AGDEAL - 4/10/2019 19:49

So what does a young guy do? I am not saying get stupid but when opportunities (retiring neighbors) knock you kinda gotta answer the door sometimes. I want a paid for land base someday
Terrific question. And an absolute conundrum for a younger guy who’s first land purchase could easily start with $7000 acre. The fact is you’ll spend a good share of your whole career just getting that first purchase paid for. I wish I had an easy answer for you, but the best advice I could give is continue to be patient. I’m seeing some rather dramatic decreases in land values. Look at the post on the Floyd county iowa sale yesterday, That was some pretty prime dirt. And it was still way, way, too much for a young guy to bite off. If the guy that bought that ground yesterday decided four years ago (when he damn sure could have bought some ground when it looked like good times were here to stay), to wait a bit and see how this all plays out, he would have been rewarded rather handsomely for his patience. Buying land at these prices is a rich mans game. So where does that leave you? If you have money for a down payment on a piece of ground, I’d suggest instead to find some income real estate, commercial or residential. That will satisfy your desire to be in the real estate game, at much more economic sense. Real estate tycoons do not bid the margins out of their market, unlike farmers. Your competition for a property will know what his expected ROI is, and it for damn sure will be double digit, and he will not overpay just to have it cuz it adjoins another property. I’m sorry to say, but today’s agriculture is over saturated with folks willing to work for nothing. And that’s your competition. Go do something where you get paid well for your time for the next decade. I really don’t foresee this getting any better for at least that long. Someday after acquiring enough properties and letting the tenants pay for them for you, you could sell off a few and exchange for land. By then you may not want to. Shoot me an email if you wish.

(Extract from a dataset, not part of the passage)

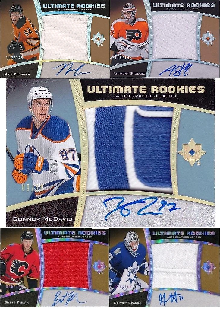 Autographed Ultimate Rookies. Основная версия карт новичков содержит автограф, проставленный непосредственно на карте, но можно достать из блока и версию с куском формы, но без авто. 70 карт в сете из них 13 тиражом 99 экз., остальные - 299 экз. Это достаточно много. Проходных игроков выше крыши, при этом есть немаленький шанс найти в блоке 2 карточки этой подсерии. 1 будет точно - это гарантировано производителем.
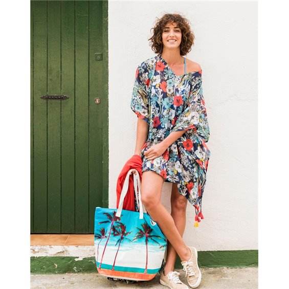 Product Name:Floral Printed 100% Cotton Kaftan Beach Cover-up

You make a ton of sense and I have a neighbor doing that same thing with rental houses ( why someone would pay $1500-$1800 a month rent is beyond me). He is 55-60 and is waiting to buy farmland. Needless to say he's also an accountant. Does an FSA land loan change your views on purchasing land? I did one three or four years ago and have wondered if I could buy more and Max it out again. I just the thought of missing the opportunity to use the program to the fullest.